Artificial photosynthesis, a process that uses sunlight to produce hydrogen, oxygen, and carbon, has potential Bill Gates calls “magical.” If we can improve the efficiency of the process, we may produce ample clean fuel for the vehicles of tomorrow.
Photosynthesis is an essential natural process that keeps not just plants, but just about everything else on Earth alive — including us. When plants convert carbon dioxide and water into carbohydrates, they feed themselves and emit oxygen for us to breathe. But what if we took a page out of nature’s book, and figured out how to use sunlight to produce hydrogen for fuel? “If it works it would be magical,” Bill Gates told Reuters, “because with liquids you don’t have the intermittency problem batteries. You can put the liquid into a big tank and burn it whenever you want.”
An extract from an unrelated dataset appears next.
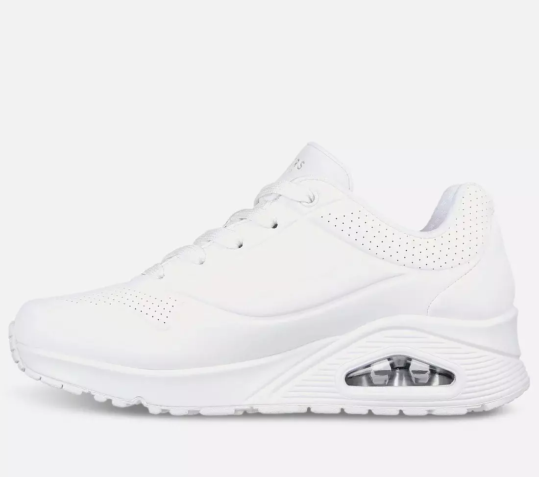 Klassisk luftdempet komfort får en frisk oppdatering med Skechers Street Wide Fit: Uno – Stand on Air. Denne snørede moteskoen har en glatt, perforert syntetisk overdel med en Air-Cooled Memory Foam innersåle og en Skech-Air synlig airbag mellomsåle.

Artificial photosynthesis (AP) aims to split water in oceans, and possibly even rivers, into its hydrogen, oxygen, and carbon components using sunlight. Hydrogen produced via AP is readily usable in the fuel cells of electric cars being manufactured right now, and it can also be used to store solar energy. Liquid fuels like hydrogen have a distinct advantage over batteries, as they are lighter and less bulky.
Combining the fruits of AP in the right proportions produces methanol, which can fuel combustion engines. China has become the largest consumer of methanol in the world, blending it with gas at levels of 15 percent or less for consumer vehicles at gas stations, and running transit vehicles on blends as high as 85 percent methanol.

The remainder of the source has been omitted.